An algorithm simply takes data input to execute an output. The user may know the data input and can see the output, but they cannot know how the algo generates the output from the input unless they get the source code to study the logic. Thus, on the basis of how they operate, algorithms are black boxes.
What is a black box machine learning algorithm?
A black box machine learning algorithm is the phrase used to describe machine learning models that offer you a result or make a choice without explicitly stating or demonstrating how they did it. What internal procedures were applied and how different considerations were weighted are not known.
To put it another way, it is a system that lacks transparency because no human — not even the programmers and admins of the machine or algorithm — knows or understands how the output was reached. Only the algorithm itself is aware of exactly how the decisions were made. This type of system is often used in fraud prevention. It can give the user a fraud score without telling or showing how that score was reached.
How do you trade with a black box?
You can create your own trading algo if you know how to code. But if you want a black box system that you cannot influence the logic, you can buy one that comes with only the execution file. When you get the algorithm, here are the steps to follow to trade with it:
- Set it up: You can set it up on your home computer, but you must make sure you have the computer powered all the time and your internet must be good. Any downtime means missing some trade setups. Alternatively, you can secure VPS hosting and have your black box stay online at all times.
- Trade with a demo account initially: It is best to trade with a demo account first before putting your hard-earned money on the line.
- Go live if good enough: If the black box system is consistently making money, you can go live, but risk less than 1% of your capital per trade.
- Monitor it: Check on things from time to time to be sure it does not malfunction and drain your account.
What is Black Box Algorithm – Definition and Examples
A black box algorithm is one where the user cannot see the inner workings of the algorithm. How the system works is kept a secret probably as a sort of security and safety measure to avoid data leaks and unfair competition. However, due to the secrecy they contain and the lack of transparency, some consider it controversial.
An example is an algorithm used in fraud prevention; it can give an output without showing how the output was generated. Some trading bot vendors also sell only the execution file, making such a black box system.
What is a black box model in AI?
Black box AI is any artificial intelligence system whose inputs and operations are not visible to the user or another interested party. A black box, in a general sense, is an impenetrable system, and most AI by nature are set up with the black box model.
For example, deep learning modeling is typically conducted through black box development, with the algorithm taking millions of data points as inputs and correlating specific data features to produce an output in a self-directed process. Often, the data scientists, programmers, and users don’t know how it arrives at its output.
What is black box calculation?
This refers to how a black box system arrives at its output.

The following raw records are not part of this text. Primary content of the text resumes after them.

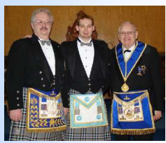
Congratulations & Best Wishes / Pg. 3

We wish them well and pray for their full recovery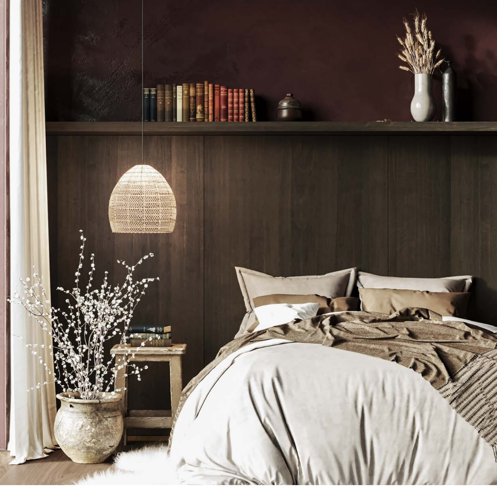
Floor: Parky Summit Frozen Walnut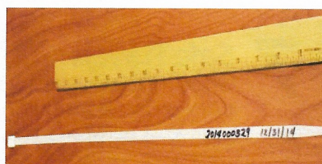
1/4" x 24" Cable Ties

WARNING: Untagged cannabis plants or improperly tagged cannabis plants (not meeting the above requirements) are subject to confiscation and removal by law enforcement, and the grower or property owner is not guaranteed the protections available in chapter 329, Hawaii Revised Statutes.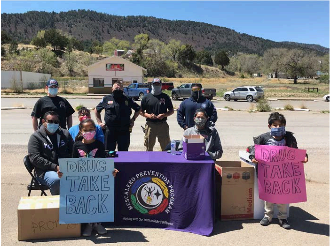
Drug Take Back Day, BIA Mescalero Agency, New Mexico.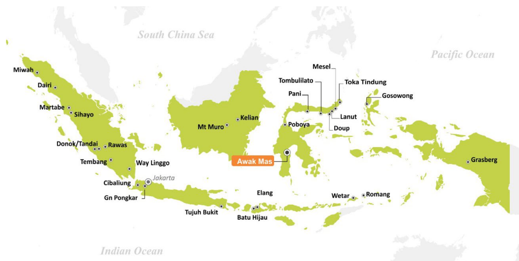
Figure 1: Awak Mas Gold Project Location in South Sulawesi, Indonesia

The Awak Mas Gold Project is located in an established gold province.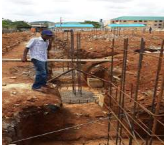
CONSTRUCTION OF BASEMENT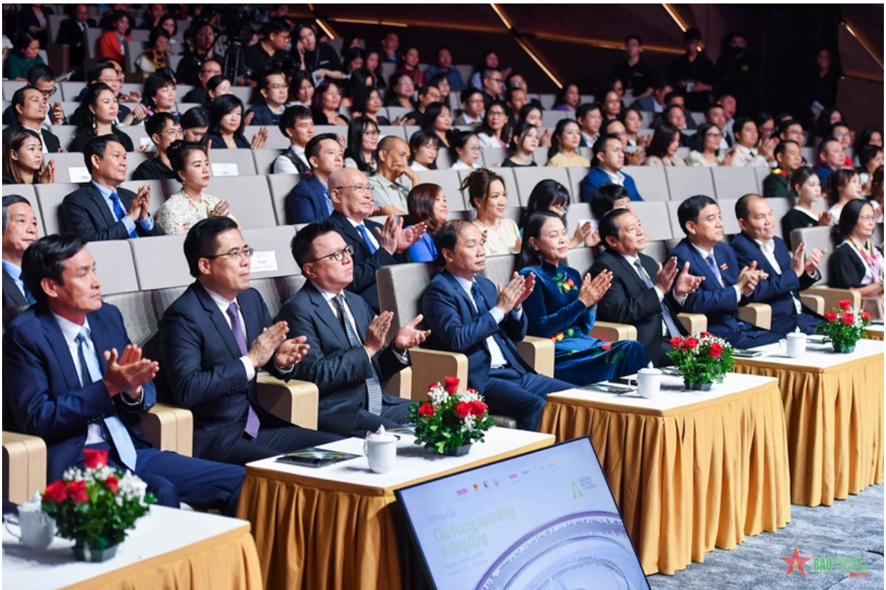
Delegates attending the Community Action Award ceremony.

The award is organized by Nhan Dan Newspaper, with the direction of the Ministry of Labor, War Invalids and Social Affairs, the Ministry of Natural Resources and Environment, the Ministry of Science and Technology, and the coordination of the Joint Stock Company. VCCorp.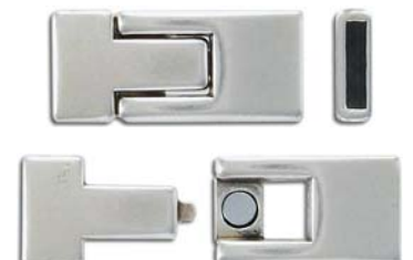
CL144M/OXWH 30x13mm ID 10x2.4mm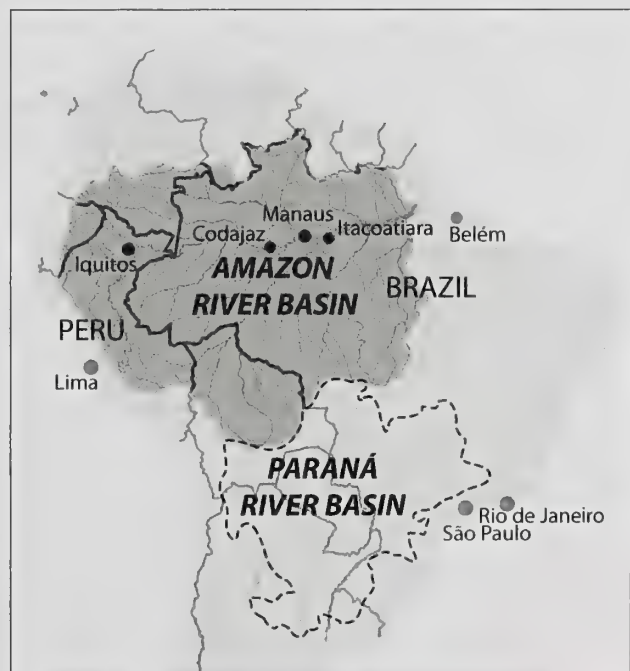
Fig. 6. Map of South America with two principal river basins, Amazon and Paraná Rivers.

Extensive material of proteocephalidean cestodes was collected in a wide spectrum of teleosts during six visits by the present authors and their co-workers to the Peruvian Amazonia. This material will make it possible to compare the species composition of the cestode fauna and host-parasite associations in the Amazon River basin with those in the Paraná River basin (Fig. 6). Some proteocephalideans occur in closely related hosts from different river basins, such as Proteocephalus macrophallus and P. microscopicus in species of Cichla Bloch & Schneider, 1801, or in recently separated 'couples' of fish hosts that occur only in one of the two principal river basins in South America, i.e. Amazon and Paraná, such as Zungaro zungaro in the former river basin and Z. jahu in the latter one.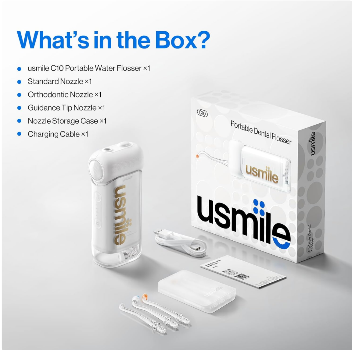
Image: The usmile C10 Portable Water Flosser, along with its standard, orthodontic, and guidance tip nozzles, a nozzle storage case, and a charging cable, neatly arranged in its packaging.

The calculation is often not known to the user, and in some models, even the developers that created the model may not know how the system does it. This is often the case in some machine learning systems that generate and use their own data to process further information which becomes the input data for yet further calculations.
Black box trading strategy backtest
We are not using any black box systems ourselves. The main reason is this: we are afraid of curve-fitted trading strategies. When you are using any form of computing power to generate signals you must be aware of the risks. If you are very experienced, such a tool can be very powerful. But in the hands of the amateur, we believe it can do more damage than gains.
Thus, because we are not using any black box trading strategies, we are not making any backtest.